What I wanted to do at this point was issue a warning about how turning entry into the basic rites of social and economic participation - employment, marriage, independent living - into low-odds campaigns will lead to social collapse. Of course it does nothing of the sort. What happens is a polarisation. Employers offering high-quality (okay: highly-paid) jobs will maintain, if not raise the standards they are looking for, knowing that they will have plenty of candidates to choose from. The rest will lower their non-essential standards, knowing that people will simply not be willing to make commitments when the expected rewards (probability x salary) are not high enough. These employers don't offer much by way of training, but then they don't ask much by way of qualifications: they are usually looking for the "right fit". If that right fit happens to have a small tattoo on her shoulder which is only visible when she wears a sleeveless summer frock, the employer will wave objections to tattoos - especially if she's doing a back-office job. And if times are bad enough, a special breed of a-hole employers will arise, offering low wages to exactly the kind of sucker they need - as for instance the companies that employ all those kids to process PPI refund applications.
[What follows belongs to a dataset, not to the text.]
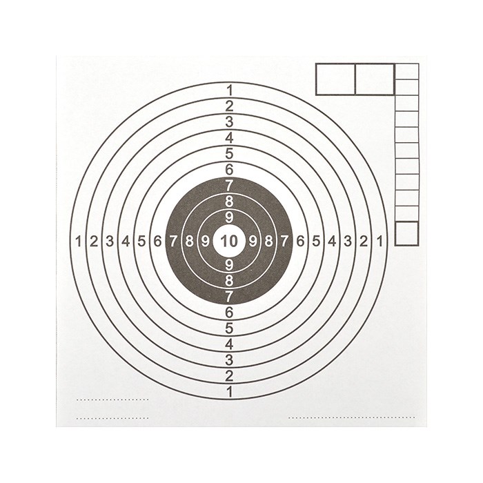 Bersaglio in carta per fucili ad aria compressa e armi softair con centro bianco 140x140 mm. Ulteriori informazioni

No decent person with a choice would do the work, but someone desperate for a job could just convince themselves they have left some key part of their identity somewhere it can't be damaged, and take it. 

The giant corporations still run, but because they aren't the high-paying employers they run with slightly less effectiveness and higher friction than before. The talent-based boutique houses still attract talent, it's just that they also need customer-facing people because the talent can make its own rules - which is why the few customer-friendly creatives and consultants kill in business. I will pass over the public sector - it's a strange land about which I know little and suspect much.

People still try to buy houses and flats even if the prices are stupid high. They still think they have "careers" even if the organisational pyramid is about ten layers from receptionist to CEO. They still chase after marriage even when the divorce rate is forty per cent over twenty years. Boys still chase after girls even when the girls are over-weight and under-charming. Partly because there's no other game in town, and partly because it's the game they grew up with, so it seems normal. Oddly, in some people, this can increase their commitment to the whole crazy system: since they had to work so hard at it, it must be worthwhile. But most people just know they are living in a fake world, which as long as that world feeds them and entertains them and gives them shiny new toys and upholds the myth that they, as individuals, can always make their lives better… as long as that illusion gets maintained, everything works. Until the day it doesn't. 

Outsiders withdraw, participating in the economy but not the society. Normals carry on participating in both. Until the day there are none left, because even the most bloke-y bloke in the sales force has had one too many struggles with what shouldn't be that hard. Then we're all Outsiders. Capital carries on - it always will - though it will look different.

How badly can Capital and State treat their employees and taxpayers until those same customers and voters turn round and stop? I don't know. There are times I think the Normals have an infinite capacity for self-deception and abuse, and the point with Outsiders is that we don't revolt, because we don't care. We're the soldiers who don't shoot at the crowd.